• Brief
Starting with the line below that holds "Handsome Black American" and stopping after the line that holds "The programme began", transcribe the lines exactly, leaving out all pictures.

[Dataset entries]
::::

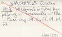 WARSCHAUER Jonatan 1859 Wiadomość o porze kąpielowej w Szczawnicy w 1858.
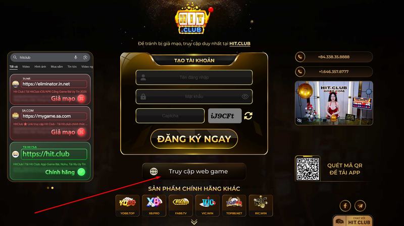 1. Click vào mục Truy cập web game trên nền tảng Hitclub.
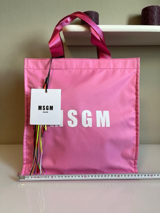 Borsa shopper MSGM in un vivace colore rosa. Piccolo difetto sulla lettera S vedi foto - Logo MSGM stampato sul davanti. - Manici in nastro. - Include dustbag con logo MSGM.
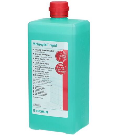 BeschreibungGebrauchsfertiges alkoholisches Desinfektionsmittel zum Versprühen oder WischenEigenschaftenAldehydfrei und frei von Alkylaminen Frischer Geruch Für Oberflächen von Medizinprodukten, wie z.B. Behandlungsstühle, Arbeitsflächen und OP-Ausstattungen Umfassendes Wirkungsspektrum: bakterizid (inkl. MRSA, TbB), und fungizid (inkl. Schimmelpilze); begrenzt viruzid (inkl. HBV, HCV, HIV) und viruzid Einwirkzeit: 1 Minute (gem. DGHM/VAH und begrenzt viruzid) Einwirkzeit: 10 Minuten (Viruzidie) DGHM-/VAH-gelistet und in der IHO-ViruzidielisteHinweiseFührt in der praktischen Anwendung nicht zu unerwünschten Hautreaktionen durch hautreizende oder sensibilisierende Wirkung (Dermatologisches Fachgutachten, Dermatest Münster, 07/2002) Nicht auf heißen Flächen oder an unter Spannung stehenden elektrischen Geräten anwenden Alkoholempfindliche Materialien vorher auf ihre Beständigkeit gegenüber Meliseptol® rapid prüfen.Desinfektionsmittel sicher verwenden. Vor Gebrauch stets Kennzeichnung und Produktinformationen lesen! ...
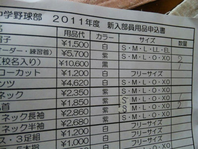 なんだろうと見て見ると、サーの野球部入部に際しての用具購入用紙でしたが………
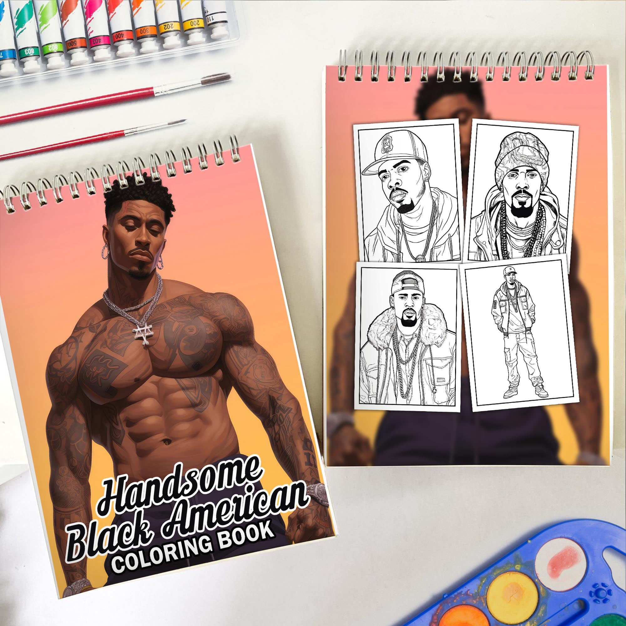 Handsome Black American Spiral Bound Coloring Book: 30 Captivating Coloring Pages of Black Americans for a Stylish and Artistic Journey
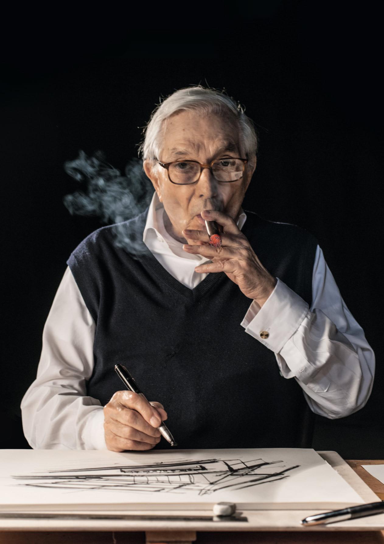 The Spanish designer sketches while holding a last. Michael Roberts, 2007. © Michael Roberts / Maconochie Photography
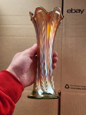 Very Pretty Green Fenton Carnival Glass Plume Panels Vase
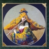 The painting "Fairy" exudes an enchanting and whimsical aura, presenting an ethereal figure adorned in vibrant, flowing robes of golden yellow, deep blue, and warm orange. The character, with an expressive gaze and a gentle smile, holds a flute, symbolizing harmony and creativity. Her intricate headdress and vivid attire, filled with textured brushstrokes, give her a regal yet otherworldly presence.
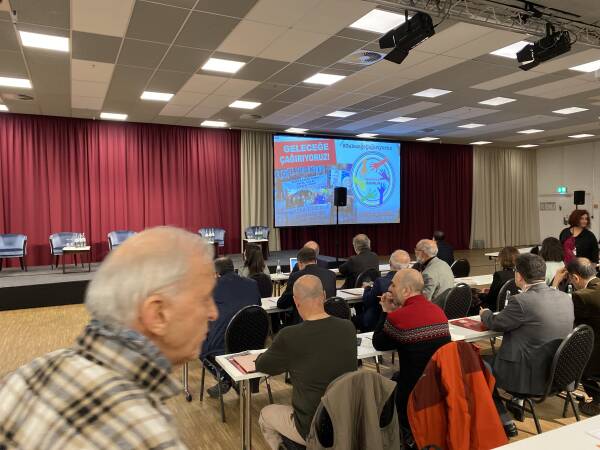 The programme began with a welcome by Hayko Bağdat, after which Prof. Neşe Özgen explained the rest of the proceedings. As a result of the two-day discussions, working groups will be formed, Özgen stated. On the first day, discussions will be held in three sections on "damage assessment", "ways out" and "building the future".
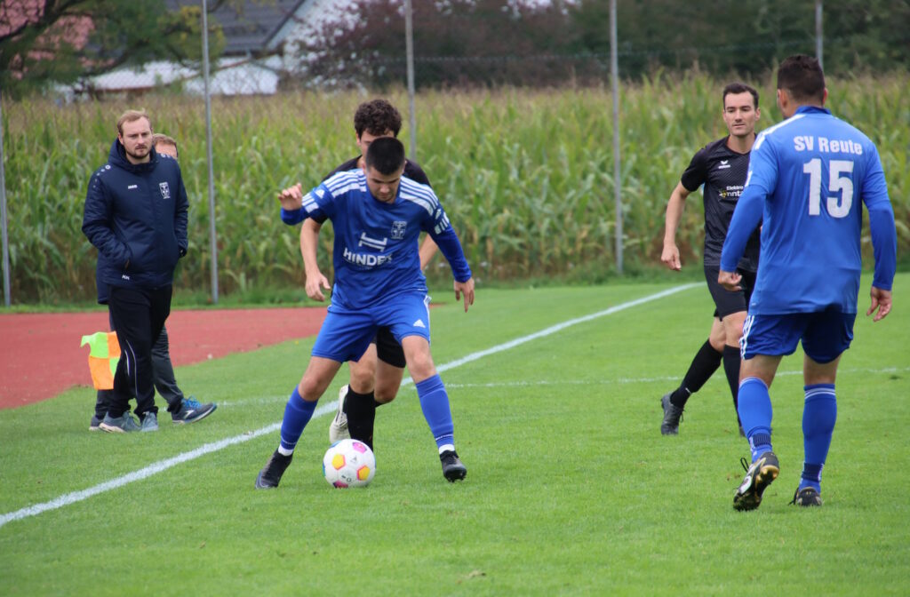 Die Heimpartie gegen die SGM Blitzenreute/Mochenwangen II begann für den Gastgeber nach Maß, als der agile Noah Geiselhart in der vierten Minuten beim Torabschluss im Strafraum gefoult wurde. Den fälligen Elfmeter verwandelte Kevin Kraus sicher zum 1:0. Irgendwie tat die Führung dem Reutener Spiel jedoch gar nicht gut und die Gäste kamen immer besser in die Partie. Zu allem übel musste auch noch Noah Geiselhart verletzungsbedingt früh vom Feld, bei den Gästen hatte es kurz zuvor Cenk Cakmak erwischt. Die Gäste zeigten sich auch weiterhin vom frühen Rückstand völlig unbeeindruckt und der SVR hatte eine brenzlige Situation im Strafraum zu überstehen. Fünf Minuten vor dem Halbzeitpfiff hatte der eingewechselte Benjamin Porteous die dicke Chance auf den Ausgleichstreffer, verpasste aber das Reutener Tor knapp. Auf der anderen Seite kam endlich auch Reute wieder zu Möglichkeiten. Kevin Kraus scheiterte mit einem Freistoß am Keeper, Maximilian Heß setzte einen Kopfball knapp über den Querbalken. Unmittelbar vor dem Halbzeitpfiff kam Justin Matt im Gästestrafraum ins Straucheln und der Unparteiische zeigte zum zweiten Mal auf den Punkt. Kevin Kraus ließ sich das nicht entgehen und verwandelte mit seinem 8.Saisontreffer zum 2:0-Halbzeitstand.
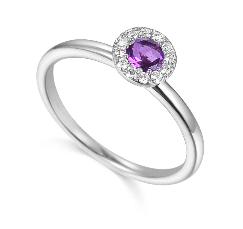 18ct white gold ring. Comprising central round Amethyst, surrounded by brilliant cut diamonds, micro claw set.
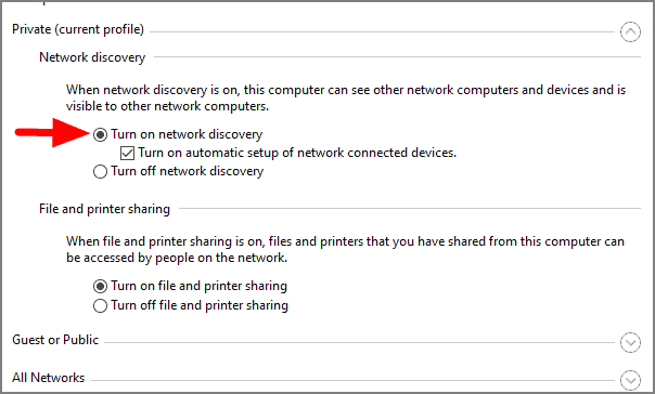 In this window, you have to option to change the network settings on both private and public networks. Verify if the ‘Turn on network discovery’ is selected under Private, which is the current profile. Turn network discovery on in case it is turned off. Also, tick the checkbox for ‘Turn on automatic setup of network connected devices’.
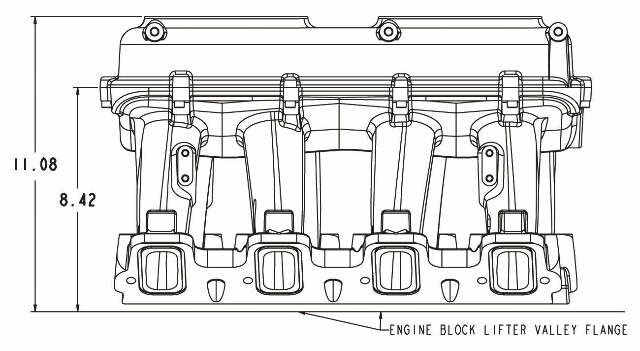 Hi-Ram Intake Manifold; Upper; EFI; w/Blank Configurable Top; Front/Rear Height 11.08 in.; Incl. Fuel Rails; RPM Power Band 1500-7000; Satin Finish;
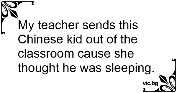 My teacher sends this Chinese kid out of the classroom cause she thought he was sleeping.
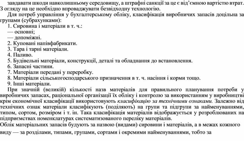 Для потреб управління у бухгалтерському обліку, класифікація виробничих запасів доцільна за групами (субрахунками):
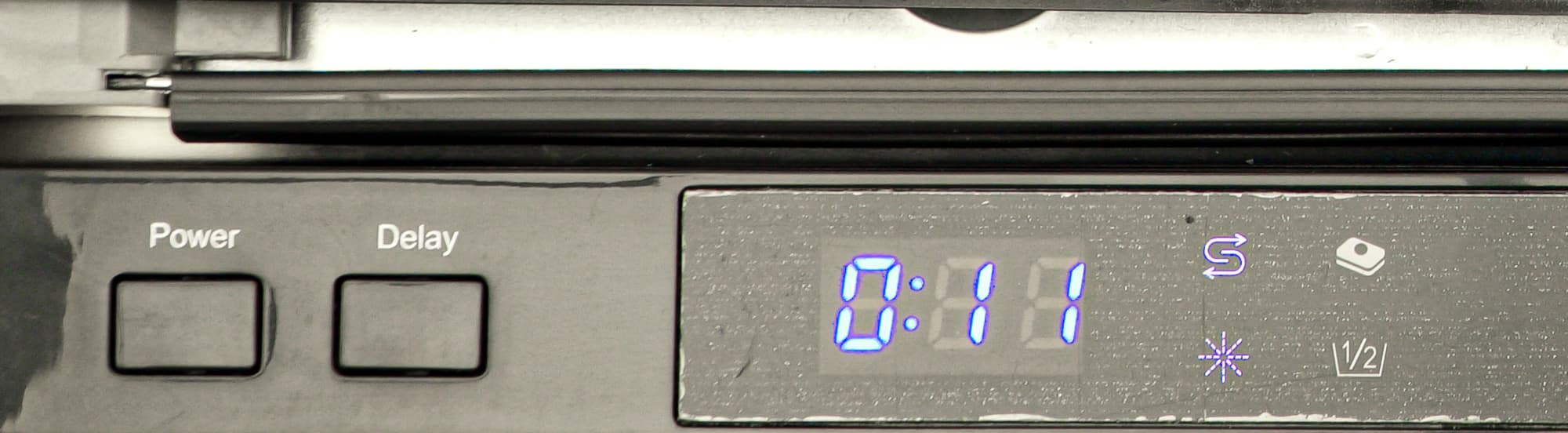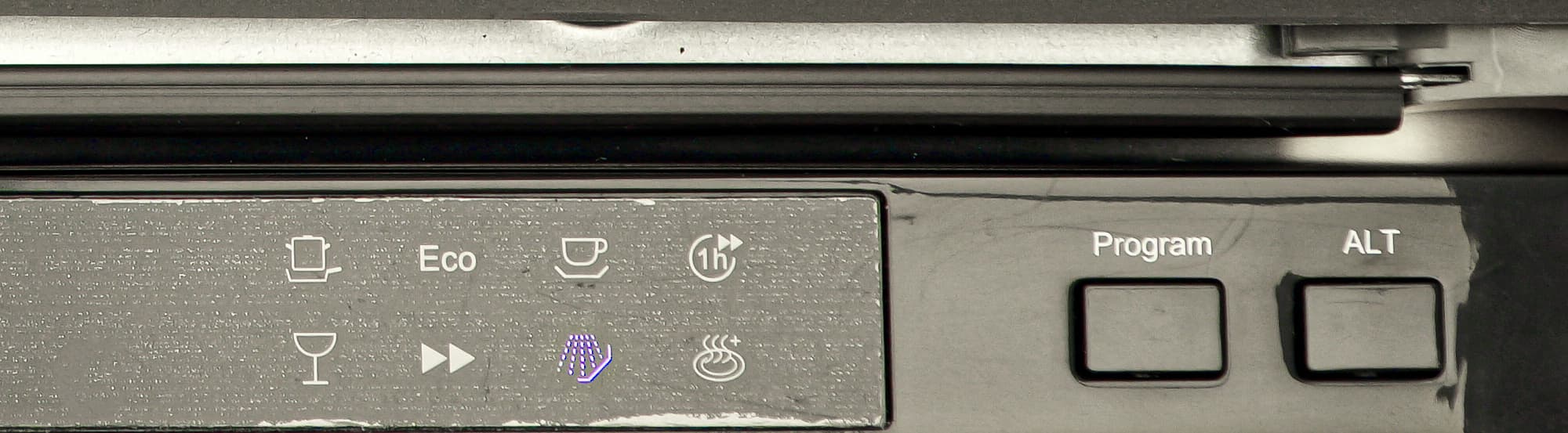 Как у всех полновстраиваемых посудомоек, органы управления располагаются на верхней кромке дверцы. Как только машина уйдет под столешницу, манипулировать кнопками можно будет только на приоткрытой дверце.

::::

• Completed exercise
 Handsome Black American Spiral Bound Coloring Book: 30 Captivating Coloring Pages of Black Americans for a Stylish and Artistic Journey
 The Spanish designer sketches while holding a last. Michael Roberts, 2007. © Michael Roberts / Maconochie Photography
 Very Pretty Green Fenton Carnival Glass Plume Panels Vase
 The painting "Fairy" exudes an enchanting and whimsical aura, presenting an ethereal figure adorned in vibrant, flowing robes of golden yellow, deep blue, and warm orange. The character, with an expressive gaze and a gentle smile, holds a flute, symbolizing harmony and creativity. Her intricate headdress and vivid attire, filled with textured brushstrokes, give her a regal yet otherworldly presence.
 The programme began with a welcome by Hayko Bağdat, after which Prof. Neşe Özgen explained the rest of the proceedings. As a result of the two-day discussions, working groups will be formed, Özgen stated. On the first day, discussions will be held in three sections on "damage assessment", "ways out" and "building the future".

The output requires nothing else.